Regeneron set for August FDA decision on BCMA bispecific

Regeneron set for August FDA decision on BCMA bispecific

Regeneron’s bid to join the market for BCMA-targeted bispecific antibodies for multiple myeloma is nearing a conclusion, with the FDA starting a priority review of its linvoseltamab drug candidate.

The US regulator is due to decide on the marketing application for BCMAxCD3-targeting linvoseltamab as a fourth-line therapy for relapsed or refractory multiple myeloma by 22nd August, and the drug is also under review by the EMA.

Regeneron is, however, playing catch-up in the category with Johnson & Johnson’s Tecvayli (teclistamab) and Pfizer’s Elrexfio (elranatamab), which are already FDA-approved in this indication, and the jury is out on whether linvoseltamab will be able to carve out a niche in the increasingly crowded multiple myeloma market.

Data from the phase 1/2 LINKER-M1 trial that underpins the marketing applications showed a 71% objective response rate (ORR) with the drug in heavily pre-treated multiple myeloma patients, with 46% achieving a complete response or better after 11 months of follow-up.

The top-line efficacy data with Regeneron’s drug looks a little stronger than its rivals at first glance, with the usual caveats about trying to compare data from different trials, but all are in roughly the same ballpark. Meanwhile, additional competition could be on the way in the form of AbbVie’s ABBV-383, another BCMAxCD3 bispecific that is in a registrational trial.

One possible differentiator is a reduced dosing frequency for linvoseltamab compared to its rivals. In its trials, Regeneron’s drug was dosed weekly for the first few cycles, then switched to every two or four weeks – depending on the response – after 24 weeks of treatment.

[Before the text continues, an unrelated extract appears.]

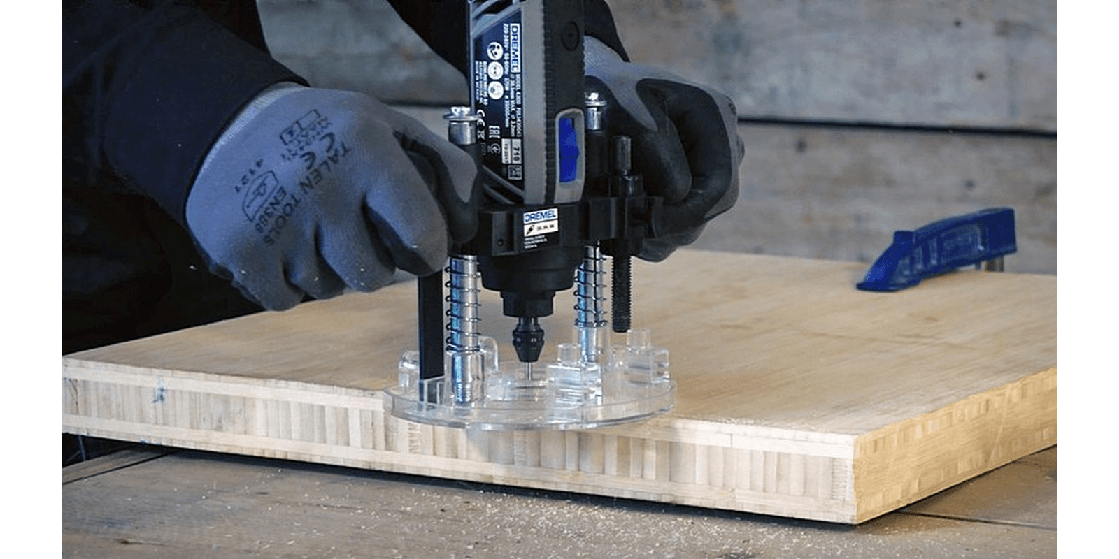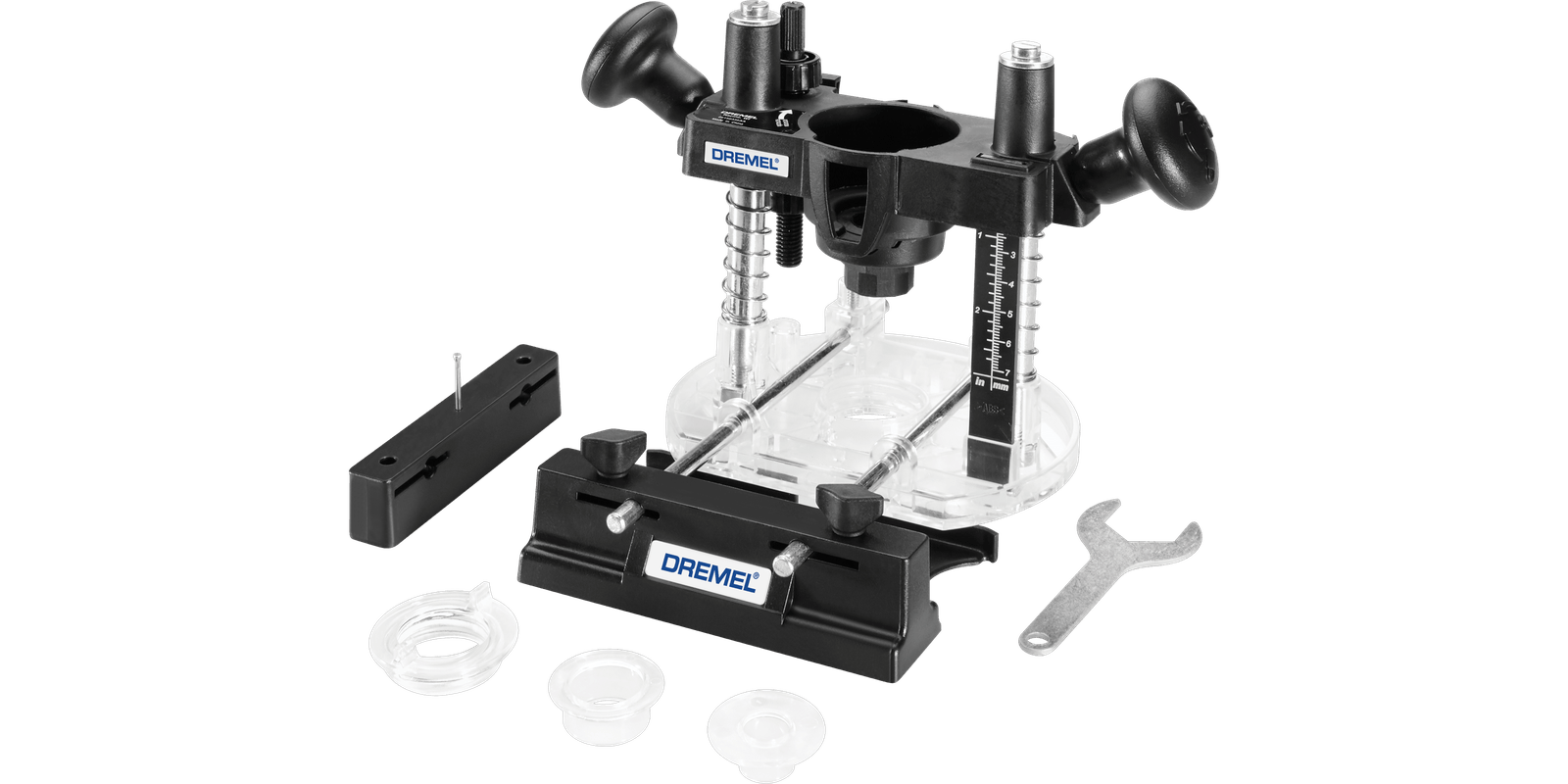 Turn your Dremel rotary tool into a compact plunge router with the 335-01 plunge router attachment and adjust to your desired routing depth up to 1.875” deepIdeal for smaller to medium sized routing projects to cut decorative edges, straight slots, rout circles, inlay work, or rout freehandClear base of the attachment ensures a clear view of your project and won't damage your materialPlunge lock-in handle for fast and easy plunge locking and two depth stops with quick release for rapid adjustment of routing depthIncludes an edge and circle guide to rout crisp straight lines and perfect circlesIncludes plunge router attachment, edge guide, circle cutting guide, and mounting wrenchCompatible with Dremel corded & cordless rotary tool models 4300, 4000, 3000, 200, 100, 8260, 8250, 8240, 8220

Just this week, J&J upped the ante for Tecvayli by getting FDA approval for a new two-weekly dosing regimen for the drug in patients who have achieved and maintained at least complete response (CR) for a minimum of six months, after an initial once-weekly course. Elrexfio is also cleared as a once-weekly dose for up to 24 months, dropping to biweekly in responding patients. ABBV-383, meanwhile, is being developed initially with fixed dosing every three weeks, without any need for a step change.

Another factor for clinicians to consider is that linvoseltamab and Tecvayli are given intravenously, while Elrexfio and ABBV-383 can be administered by subcutaneous injection.

Regeneron’s position is that its drug has a short monitoring time and saves time for clinicians and patients, giving it a “best-in-class profile” overall.

All the bispecifics are being positioned as an off-the-shelf alternative to BCMA-directed CAR-T therapies – Bristol-Myers Squibb/bluebird bio’s Abecma (idecabtagene vicleucel) and J&J/Legend Biotech’s Carvykti (ciltacabtagene autoleucel) – which have shown comparable efficacy rates in trials, but are trickier to administer.

Competition could also re-emerge from GSK’s BCMA-targeted antibody-drug conjugate (ADC) Blenrep (belantamab mafodotin), which was originally approved as a fourth-line option, but was pulled from the US market after it failed a confirmatory trial.

GSK recently reported new data, including improved overall survival, which could allow it to return as a second-line or later therapy. Regeneron is also running trials of linvoseltamab as first- and second-line therapy for relapsed and refractory multiple myeloma.